Input for this task:
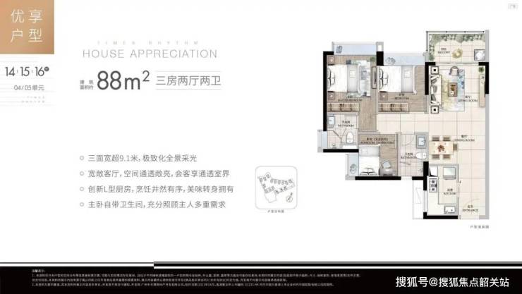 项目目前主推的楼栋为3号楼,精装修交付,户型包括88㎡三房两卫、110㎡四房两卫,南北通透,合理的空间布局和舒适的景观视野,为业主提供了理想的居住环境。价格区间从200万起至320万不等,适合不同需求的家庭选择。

...

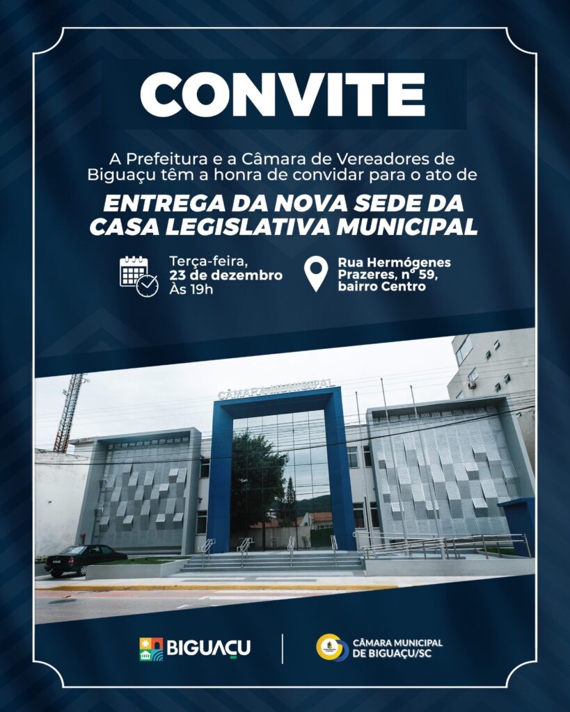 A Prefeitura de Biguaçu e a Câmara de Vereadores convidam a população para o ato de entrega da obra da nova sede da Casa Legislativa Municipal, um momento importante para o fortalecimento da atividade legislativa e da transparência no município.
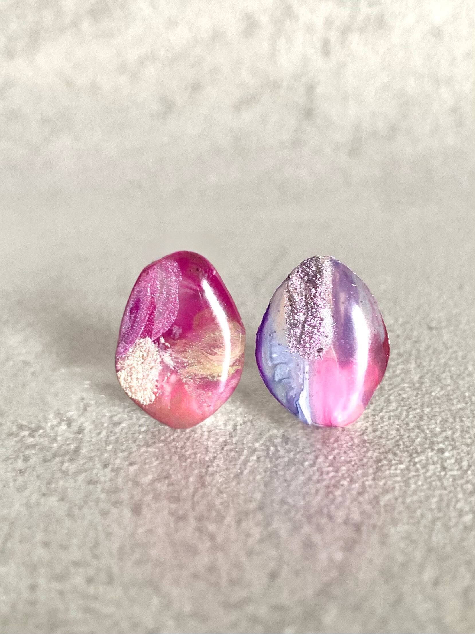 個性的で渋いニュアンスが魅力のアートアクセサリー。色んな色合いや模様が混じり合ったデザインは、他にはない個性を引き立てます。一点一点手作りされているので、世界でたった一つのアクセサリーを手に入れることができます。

The task:
Your answer should be the lines above, word for word, from the line with "A Prefeitura de" through the line with "個性的で渋いニュアンスが魅力", minus the pictures.

Answer area:
 A Prefeitura de Biguaçu e a Câmara de Vereadores convidam a população para o ato de entrega da obra da nova sede da Casa Legislativa Municipal, um momento importante para o fortalecimento da atividade legislativa e da transparência no município.
 個性的で渋いニュアンスが魅力のアートアクセサリー。色んな色合いや模様が混じり合ったデザインは、他にはない個性を引き立てます。一点一点手作りされているので、世界でたった一つのアクセサリーを手に入れることができます。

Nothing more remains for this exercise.